→ What the task requires
Your answer must be only the lines below from the one containing "蝸桿、蝸輪圖樣的繪制應(yī" through the one containing "Drywall, Fireplace, Natural", copied exactly, with the pictures left out.

→ Given entries
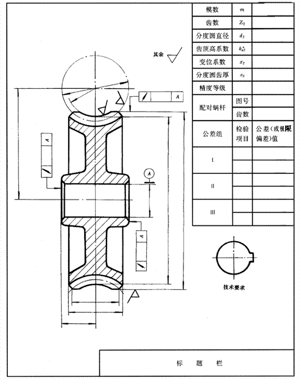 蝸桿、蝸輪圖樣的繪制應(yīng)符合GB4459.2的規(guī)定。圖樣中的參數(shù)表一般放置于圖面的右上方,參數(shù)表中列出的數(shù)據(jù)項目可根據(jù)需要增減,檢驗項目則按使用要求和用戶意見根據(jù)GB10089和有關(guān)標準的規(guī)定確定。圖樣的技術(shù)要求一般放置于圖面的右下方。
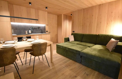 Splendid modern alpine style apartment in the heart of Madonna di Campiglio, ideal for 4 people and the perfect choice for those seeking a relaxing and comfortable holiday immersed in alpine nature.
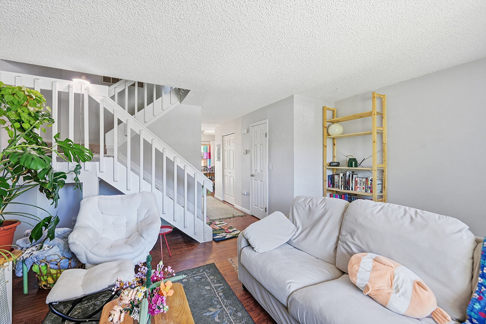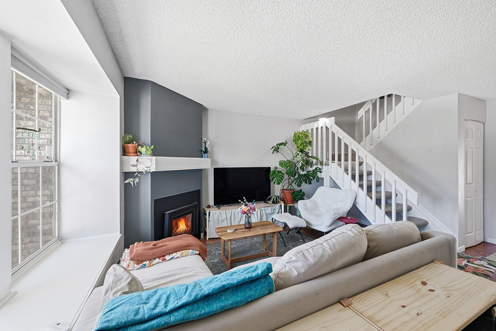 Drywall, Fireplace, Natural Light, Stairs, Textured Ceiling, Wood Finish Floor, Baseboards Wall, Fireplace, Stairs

* * *

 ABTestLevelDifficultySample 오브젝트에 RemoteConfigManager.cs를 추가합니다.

==

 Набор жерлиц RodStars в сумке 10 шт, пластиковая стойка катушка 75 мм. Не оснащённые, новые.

→ Output of the task
 蝸桿、蝸輪圖樣的繪制應(yīng)符合GB4459.2的規(guī)定。圖樣中的參數(shù)表一般放置于圖面的右上方,參數(shù)表中列出的數(shù)據(jù)項目可根據(jù)需要增減,檢驗項目則按使用要求和用戶意見根據(jù)GB10089和有關(guān)標準的規(guī)定確定。圖樣的技術(shù)要求一般放置于圖面的右下方。
 Splendid modern alpine style apartment in the heart of Madonna di Campiglio, ideal for 4 people and the perfect choice for those seeking a relaxing and comfortable holiday immersed in alpine nature.
 Drywall, Fireplace, Natural Light, Stairs, Textured Ceiling, Wood Finish Floor, Baseboards Wall, Fireplace, Stairs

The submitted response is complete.